There’s no easy way to put it. The discussion paper published this morning by the Financial Services Authority and Financial Reporting Council will make for uncomfortable reading.
We know the regulators were spooked by the financial crisis and a firm repsonses was required, but the FSA has today proposed some sweeping new powers over auditors of listed institutions.
Chief among them are the ability to censure, fine or disqualify an auditor if they are viewed as having failed on the job.
The irony in this is that the paper is called ‘Enhancing the auditor’s role in prudential regulation’.
In truth it seems more about enhancing the regulators’ ability to punish auditors if they go astray. This apparently is about creating the right ‘incentives’ for auditors.
But if you are wondering where that comes from just look at the language used in the paper. It says the FSA and FRC believe “auditors need to challenge management more”, that the FSA has “questioned whether the auditor has always been sufficiently sceptical and has paid adequate attention to indicators of management bias.” Most scathing of all is the FSA belief that “the auditor sometimes portrays a worrying lack of scepticism”.
For all those auditors out there who believed that they had a “good crisis” the comments will come as a body blow.
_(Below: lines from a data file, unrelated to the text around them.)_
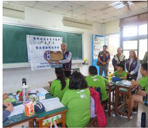
臺灣同濟總會兒童基金會寒冬送暖活動
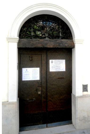
Una de las puertas laterales. Obsérvese el vano en arco de medio punto y cómo el enrejado semicircular lo convierte en rectangular.
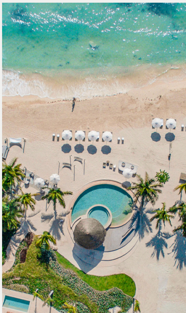
Costa Beach Club
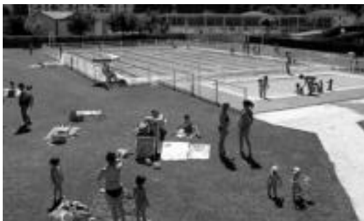
Igerilekuaren alboan dagoen zelaietan, eguzkia hartzeko aukera dago. E. EZEIZA

Suddenly the UK’s chief financial regulator has its doubt that auditors are standing up to be counted and it has the auditors in its sights for change.
Auditors have always had their detractors and critics but this time the lashing will feel much more severe.
Usually at this point the counter argument would begin. The lobbying, the dinners and quiet conversations, the whispers in the ears of senior officials and even politicians would get under way. But in this climate? And against a body stung by the criticism of its own role in failing during the credit crunch?
The argument would be that it is “audit” not “auditors” that needs to be examined. The FSA’s scathing views will make that much more difficult. The emphasis appears to be definitely on behaviour, not on the structure of audit. That will be hard to take.